Oh Barbs - I'm so sorry. I can't imagine what it must be like to know that your own son has gone through something like that. Wishing you both all the best. Does he live a long way away, or will you be able to visit him in person? Completely understand the urge to return to old destructive habits - but it's really good that you've recognised that for what it is!

Helen - wow! The wine factory is no more! Hopefully as the days pass it will start to feel like a liberation. Must've been strange to see the equipment there every day.

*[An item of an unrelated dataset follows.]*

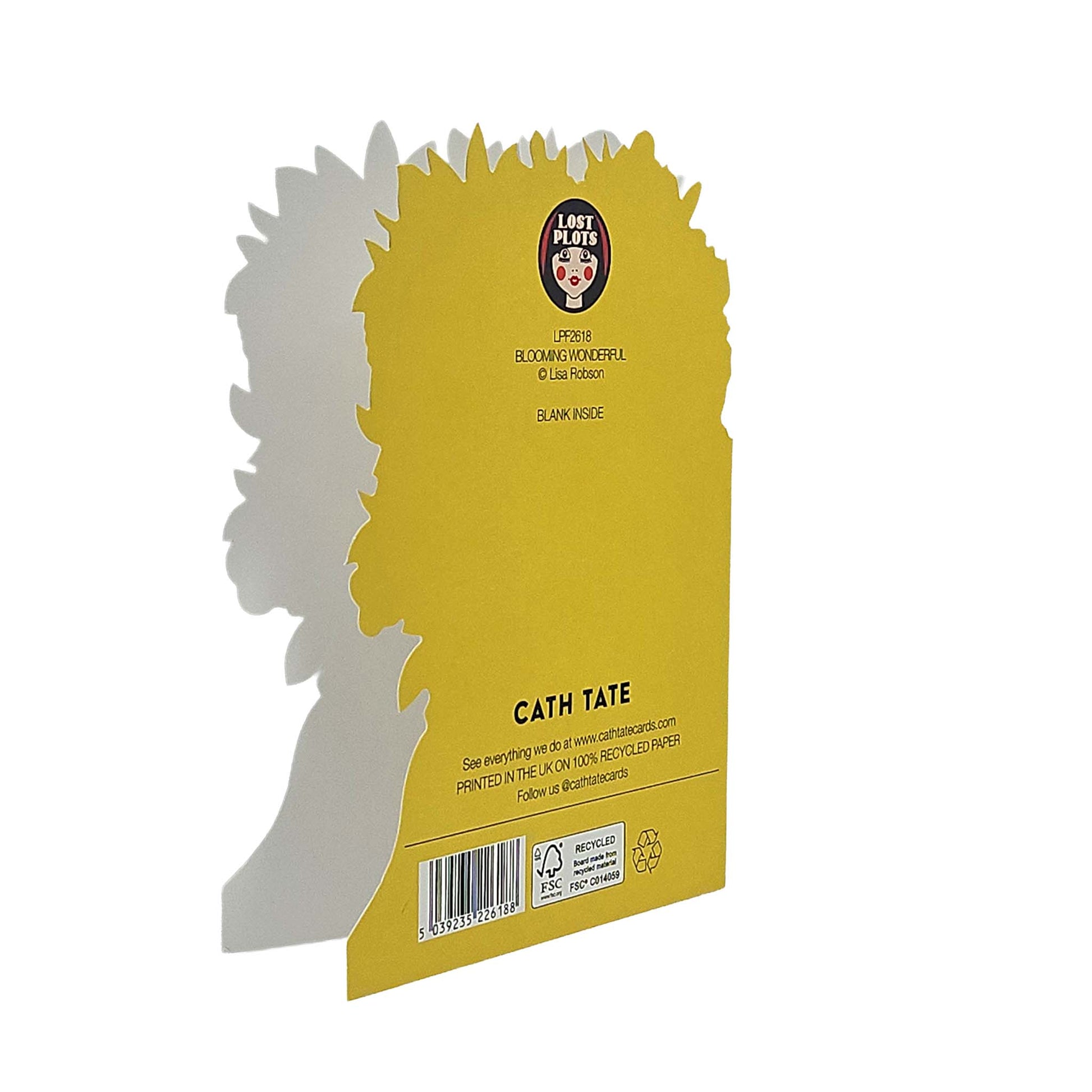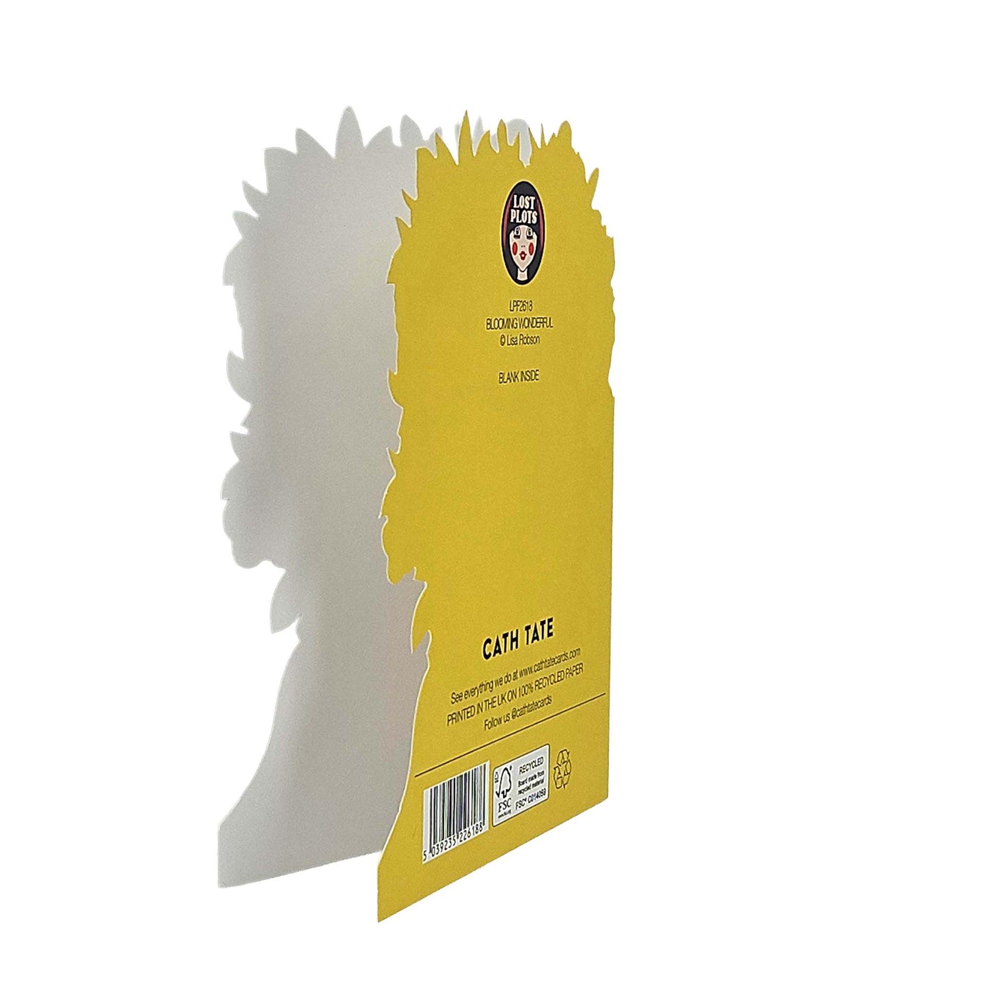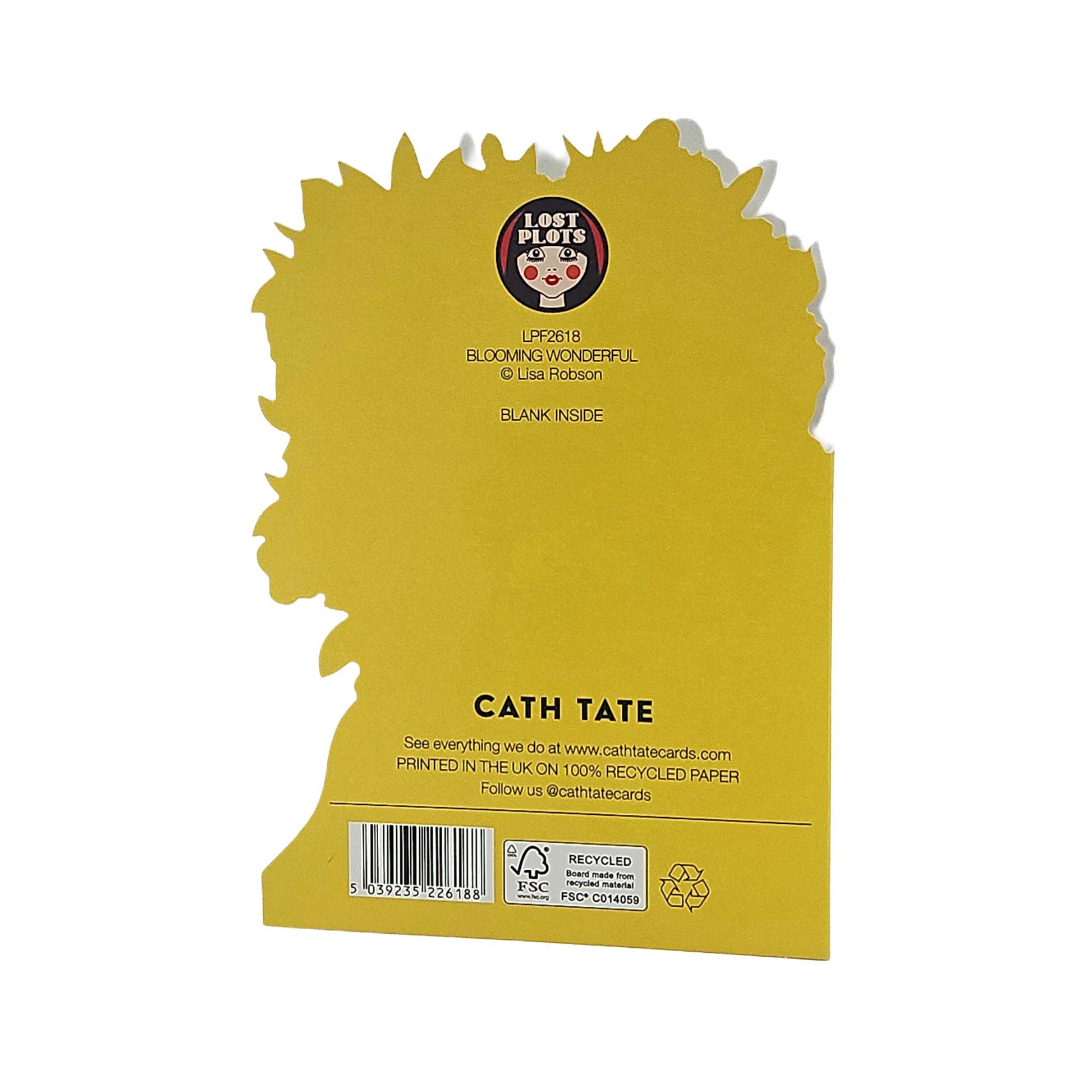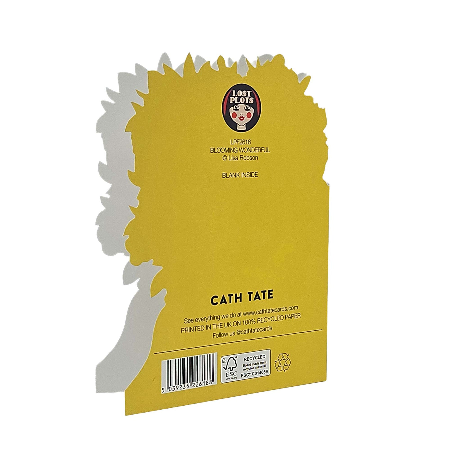 Part of Cath Tate's collaboration with artist Lisa Robson, this retro inspired cutout card has psychedelic vibes with its vase full of colourful flowers and the caption 'You are blooming wonderful.' It's ideal for many occasions, as a birthday card, good luck card, congratulations card or just to say hello in a colourful cheery way!

Hope you're all doing well. I'm inching ever closer to the one year mark, which feels strange - especially because my pregnancy makes me feel like I'm "cheating" a bit, as it effectively takes alcohol off the table for me. I wonder - if I wasn't pregnant - if I would be feeling strong urges to drink again. I'm certainly feeling like I'm counting sober days again, rather than weeks passing without thinking about it. Perhaps that's just because the year mark is approaching - it's made me think a lot about what I was doing this time last year. For most of August, I would wake up hungover and determined not to drink, then by mid-afternoon I'd be thinking "maybe", by late afternoon I'd be planning the specific drink I was going to have and by the early evening I'd be on my way to drunk. And repeat. It's a relief to be free of it - it was exhausting!